**Exercise aim:** Give again, character for character, the lines that lie between the first line of the material and the line with "The Rails Alton", inclusive. Omit pictures.

**Data extracts:**
*-*-*
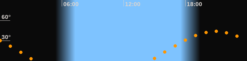 | Aufgang | 14:30 Uhr im Osten (αAz = 82°) |
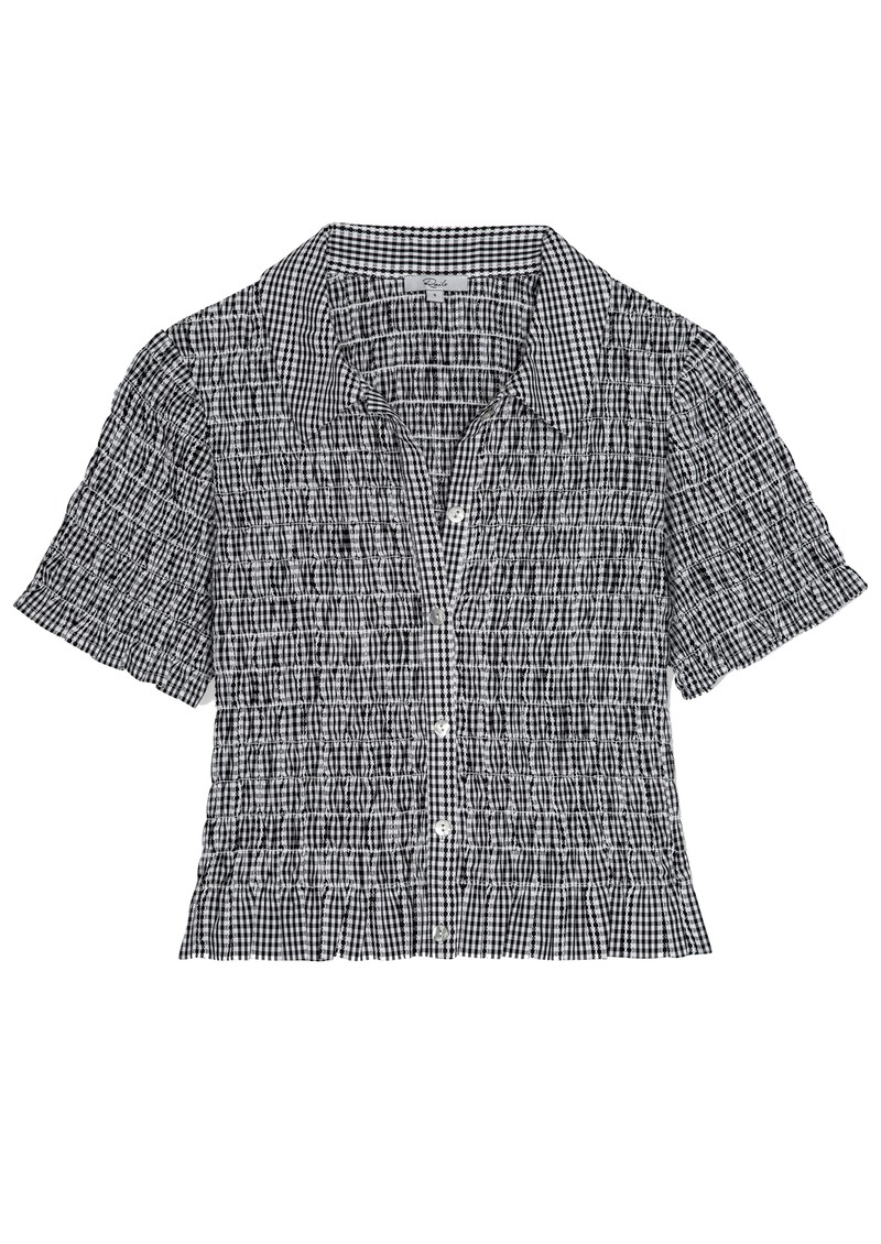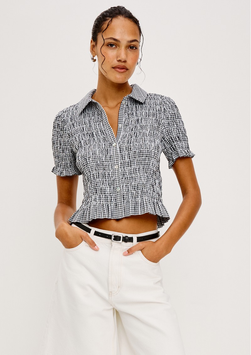 The Rails Alton Gingham Short Sleeve blouse features smocking all over, short sleeves, and a flattering peplum style hem for a feminine touch. Crafted from 100% cotton poplin, this blouse combines comfort and structure, making it perfect for effortless everyday wear. Key features of this Rails top are:
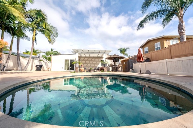 If you've been waiting for a Bay Ho home that truly has it all - this is it. Set on a 6,300 sqft lot designed for flexibility, the backyard feels like your own private resort. The heated saltwater pool features an innovative movable tile floor system that transitions from ground level to 6 ft deep in approximately 90 seconds and can be stopped at any depth in between. It also allows for additional flat yard space when desired and includes a built-in resistance current for exercise. Relax under the pergola lounge area or gather around the gazebo tiki bar with mounted TV. Welcome to your private getaway - a modern 3-bedroom, 2-bath home sitting on your own slice of San Diego paradise. Featuring two fully remodeled bathrooms (2026), brand-new flooring (2026), fresh exterior stucco (2026), updated interior finishes, and a separate full-size laundry room, this home is truly move-in ready. The living room showcases a sleek electric fireplace, built-in wired speakers, smart home features, and exterior security cameras. The kitchen offers white cabinetry, stainless steel appliances, granite countertops, abundant storage, and a large island with seating for four that flows seamlessly into the dining area. The primary suite includes a spacious walk-in closet with custom built-ins, a dedicated office space, direct backyard access, and an updated bathroom with dual sinks and a glass walk-in shower. Secondary bedrooms are bright and versatile. Fenced front and rear yards, dual driveways with automatic sliding gates, and a lockable entry gate provide privacy and security. An EV charging outlet and professional low-maintenance landscaping add convenience and curb appeal. The extended driveway offers ample parking and includes FOUR storage sheds. Located just minutes from La Jolla and Pacific Beach, close to beaches, dining, and everything San Diego has to offer yet tucked into one of Bay Ho’s most desirable pockets. And yes, the solar is PAID OFF.
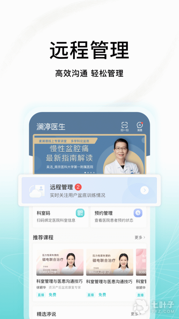 澜渟医生是盆底医者的专业内容管理平台,方便医者管理名下用户,管理训练方案,推送定制方案。
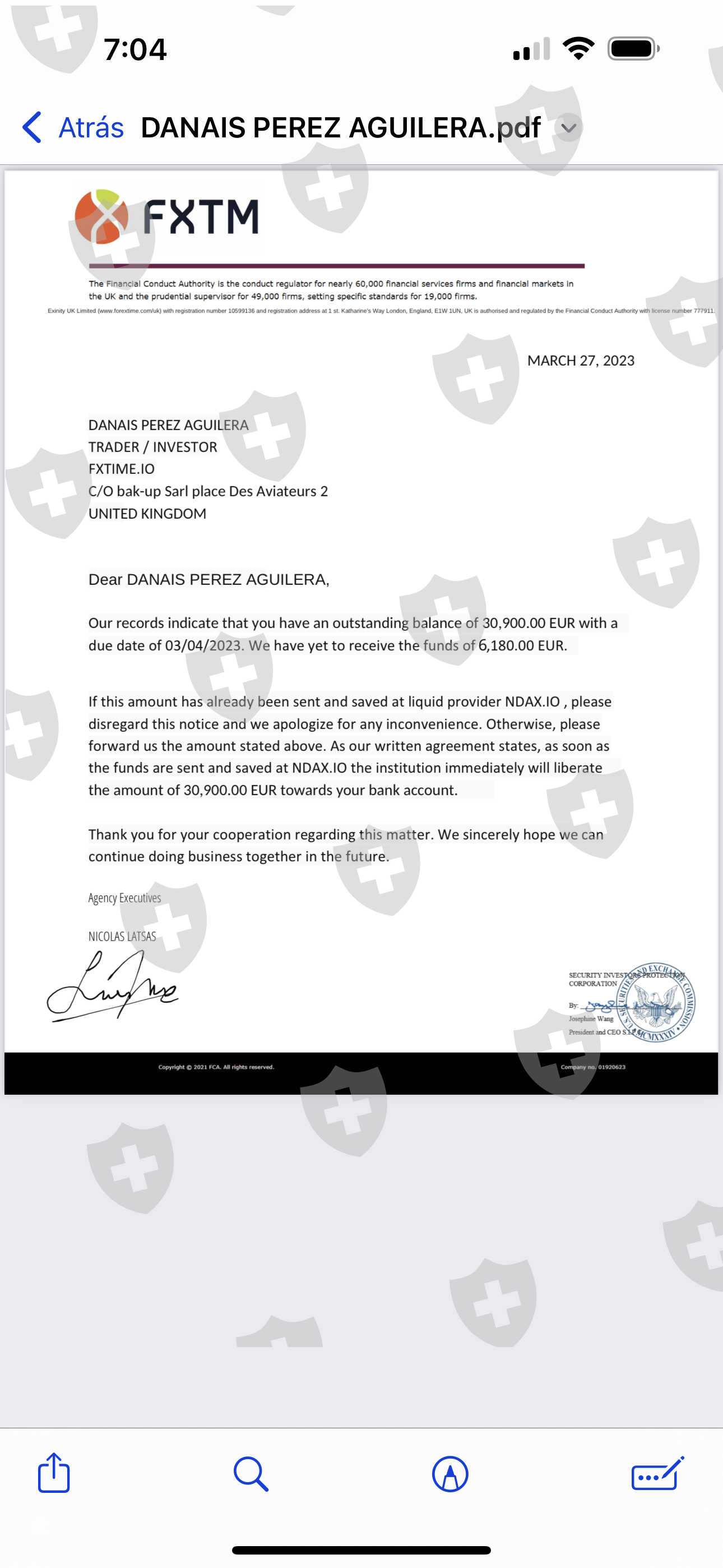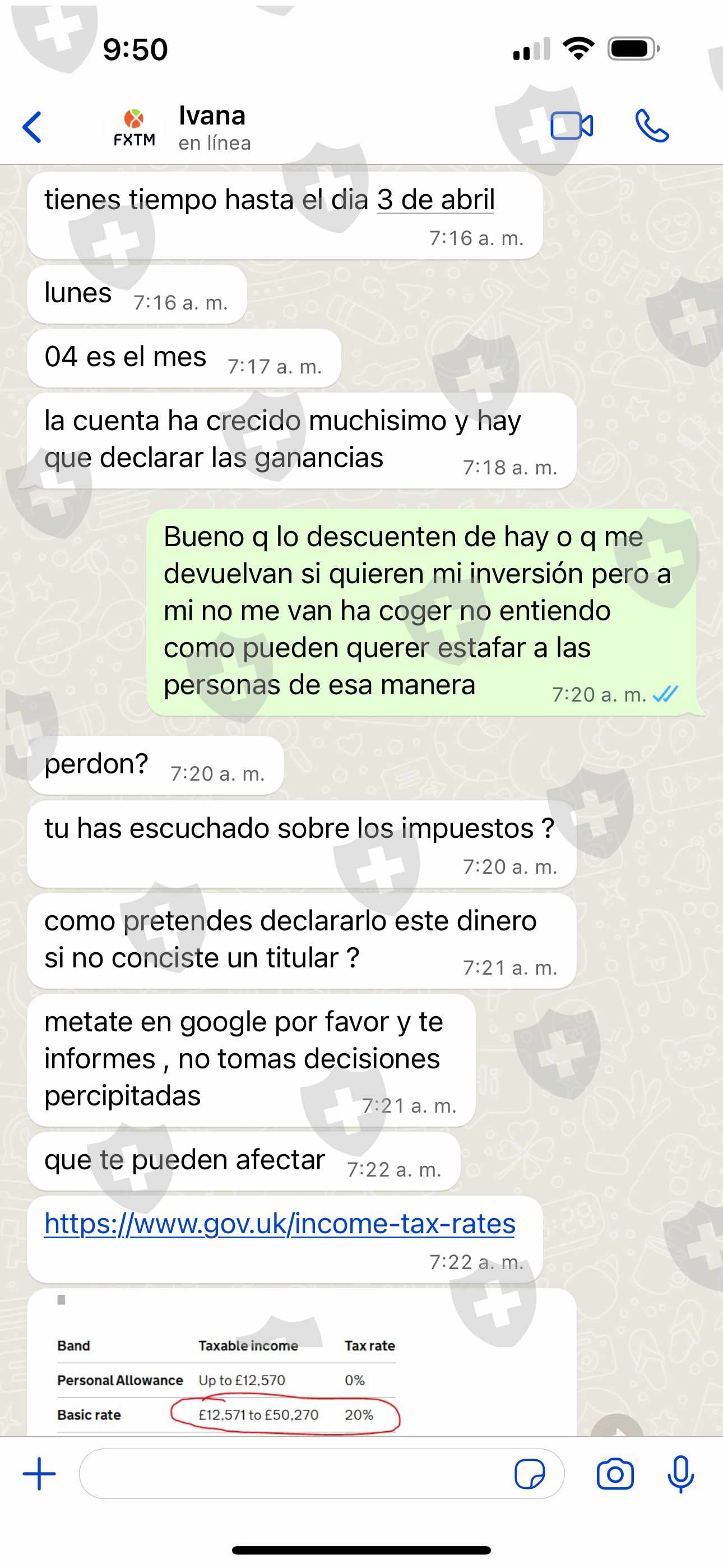canadiense y los depositamos le dije q por ese dinero tenía q pagar un interés mensual de 600 dólares canadienses y me dijo q eso lo podíamos sacar q no era problema pero después me enteré de esta página de y me pude dar cuenta q esta compañía FXTIME no es regulada y la brokers me enseñó los datos de esta otra compañía q se llama FXTM a la cual le escribí y me dijeron q ellos no tenían nada q ver con FXTIME entonces le puse mas atención a las operaciones q hacía la brokers y me di cuenta q movía la gráfica en ganancia ya q obtenía muy buenas ganancias yo le dije q quería sacar la inversión y me comenzó a poner trabas q eso no se podía hacer q tenía q serrar la cuenta y sacar todo el dinero y le dije q estaba bien q lo iba ha sacar todo y serrar la cuenta pero ella me envío un documento q dice q yo tengo q depositar 6180 euros de impuestos antes del día 4 de abril del 2023 y si no los deposito pierdo todo mi dinero q ya hay 30900 euros pero yo se q si yo deposito me van ha estafar y tengo miedo ya q tengo invertido 7930
*-*-*
**Solved exercise:**
 | Aufgang | 14:30 Uhr im Osten (αAz = 82°) |
 The Rails Alton Gingham Short Sleeve blouse features smocking all over, short sleeves, and a flattering peplum style hem for a feminine touch. Crafted from 100% cotton poplin, this blouse combines comfort and structure, making it perfect for effortless everyday wear. Key features of this Rails top are:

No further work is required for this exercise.